> DATA LISTING
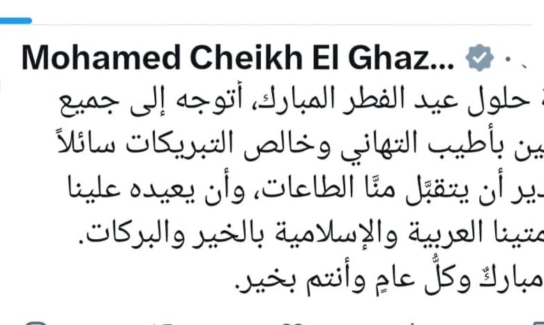 “بمناسبة حلول عيد الفطر المبارك، أتوجه إلى جميع المواطنين بأطيب التهاني وخالص التبريكات سائلاً الله القدير أن يتقبَّل منَّا الطاعات، وأن يعيده علينا وعلى أمتينا العربية والإسلامية بالخير والبركات. عيدكُم مباركٌ وكلُّ عامٍ وأنتم بخير”.
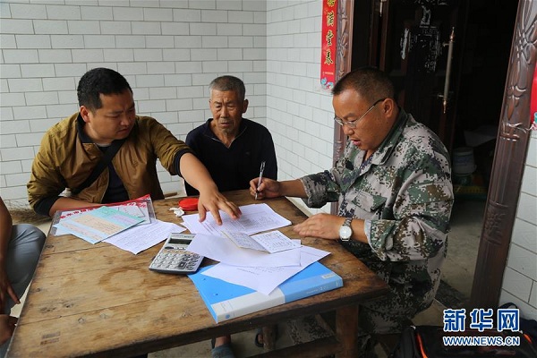 赤水駐村干部與貧困戶算收入支出賬(2017年5月攝)。新華社發(fā)
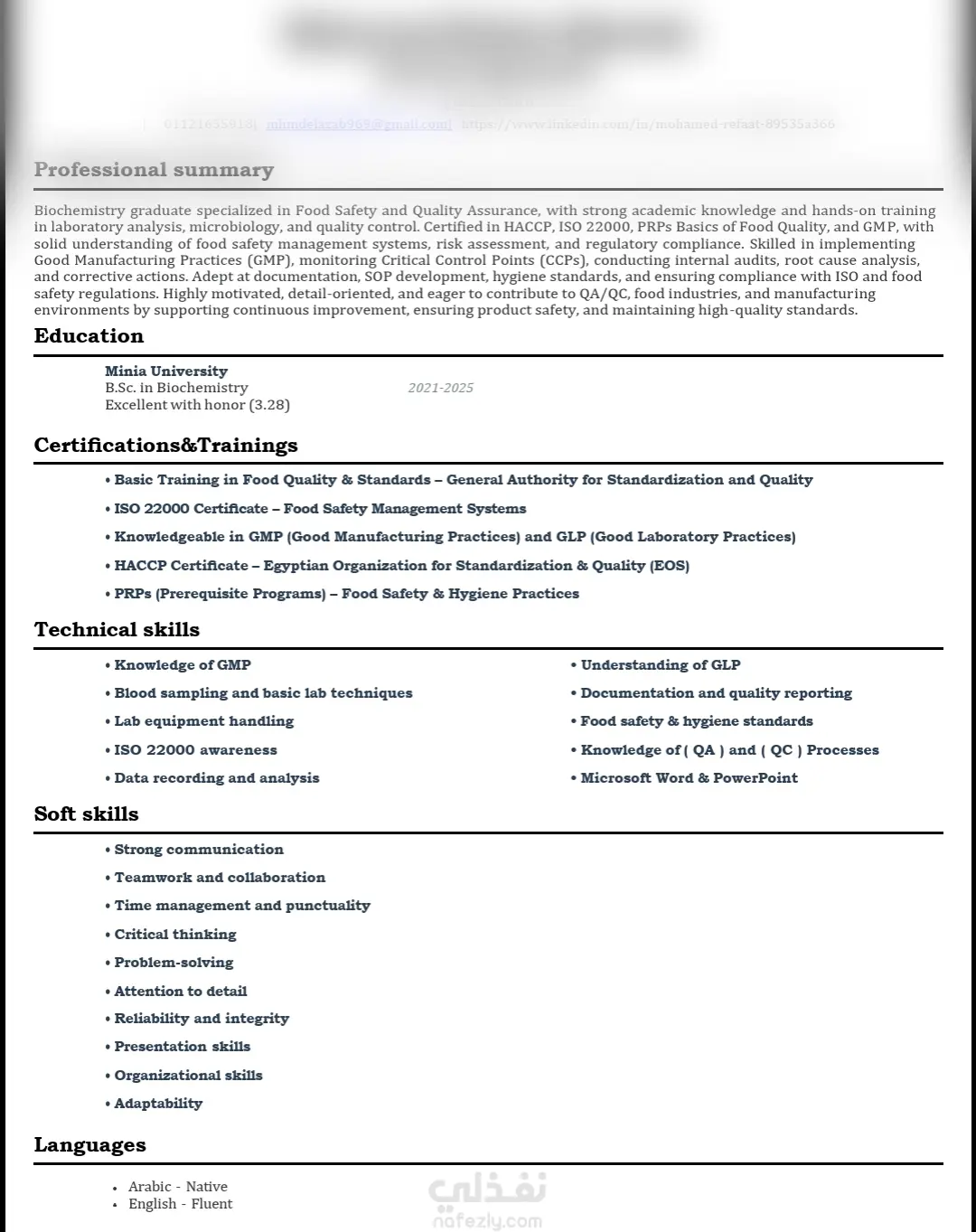 قمت بتصميم سيرة ذاتية احترافية لمتخصص جودة (QA/QC) حديث التخرج، ركزت فيها على إبراز المعرفة الأساسية في مفاهيم الجودة وضبط العمليات والتفتيش على المواد. تم اعتماد تصميم بسيط ومنسق يعكس الجدية والاحتراف، مع التركيز على المهارات المكتسبة من التدريب العملي والمشروعات الجامعية. أظهرت السيرة القدرة على تطبيق إجراءات الفحص، وإعداد التقارير، وفهم معايير الجودة في بيئات التصنيع والبناء، باستخدام كلمات مفتاحية مناسبة تساعد على تحسين ظهور السيرة الذاتية في أنظمة الـATS وجذب انتباه مسؤولي التوظيف للمرشحين الجدد.
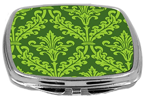 Rikki Knight Compact Mirror, Olive Green Damask
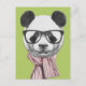 Este diseño presenta un lindo oso panda con anteojos y una bufanda de cuchillo rosa.
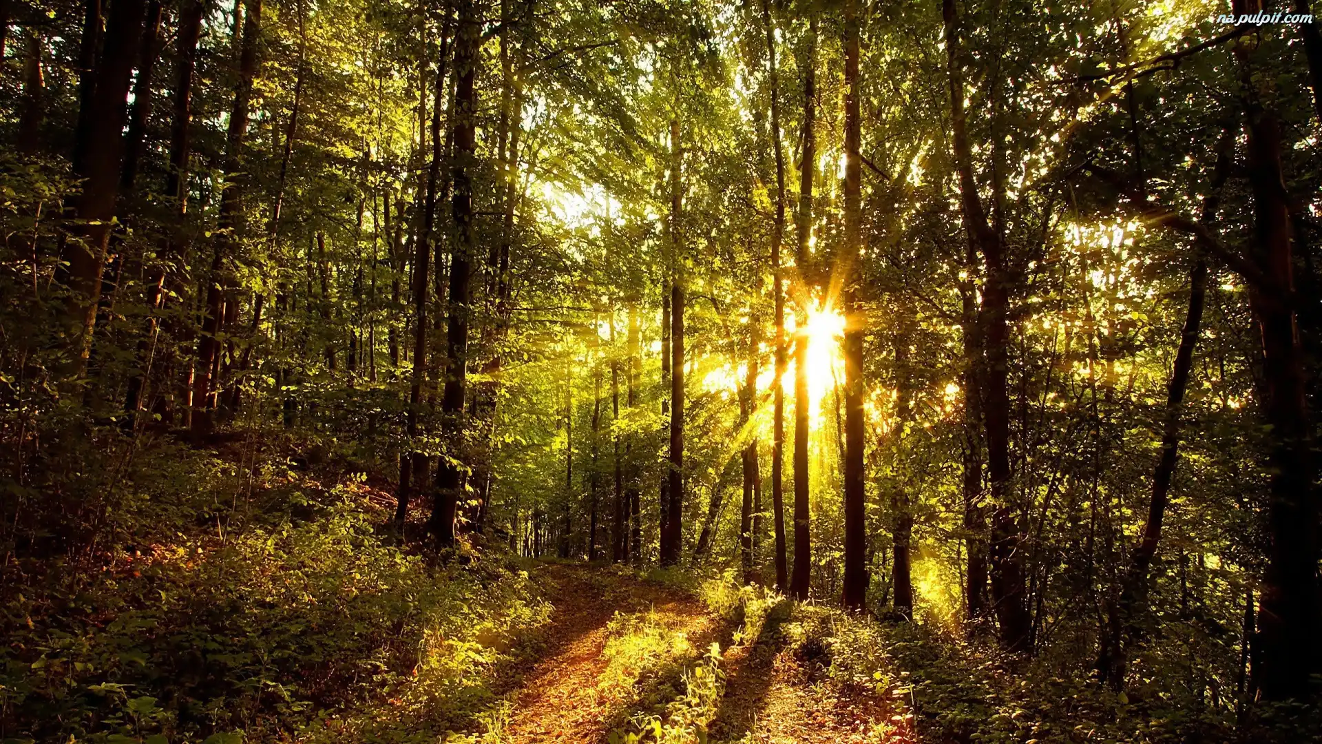 Drzewa, Słońce, Promienie, Ścieżka, Las, Liście Na Pulpit
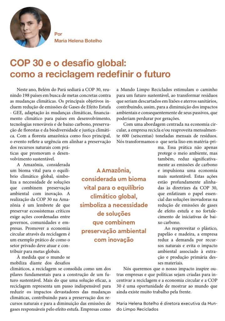 Por Maria Helena Botelho — Diretora Executiva da Mundo Limpo Reciclados
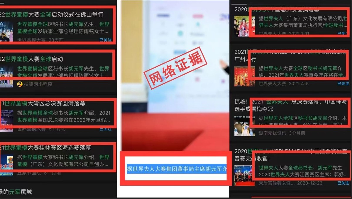 4、就世界夫人集团公司和世界夫人基金会的职能我方在前期声明与新闻发布上均已精准表述过;也早已提报中国境内的有关政务部门。可笑的是,我们关注到广东公司及法定代表人冯跃振和股东胡元军较早时宣称的也是香港注册公司,甚至见我方成立世界夫人集团公司之后,广东公司及法人冯跃振还曾东施效颦地在我方公司名称上加上大赛两字抢注;此外,冯跃振与其股东胡元军经常切换身份身兼多职,比如胡元军先是用香港某公司职务,后自称全球秘书长,然后又宣称某大赛集团董事局主席(可查此公司正是冯跃振香港公司名), 近期又开始开始启用世界童模全球秘书长等;冯跃振与胡元军欲用二人撑起所谓全球组委会却对外宣称都是”世界“级活动,充其量在自娱自乐与自嗨。

> TASK ITEM
Before answering, find the line with "赤水駐村干部與貧困戶算收入支出賬(2017年5月攝)。新華社發(fā)" in the records above; then reproduce exactly each line from the first through that line, leaving out pictures.

> ANSWER SPACE
 “بمناسبة حلول عيد الفطر المبارك، أتوجه إلى جميع المواطنين بأطيب التهاني وخالص التبريكات سائلاً الله القدير أن يتقبَّل منَّا الطاعات، وأن يعيده علينا وعلى أمتينا العربية والإسلامية بالخير والبركات. عيدكُم مباركٌ وكلُّ عامٍ وأنتم بخير”.
 赤水駐村干部與貧困戶算收入支出賬(2017年5月攝)。新華社發(fā)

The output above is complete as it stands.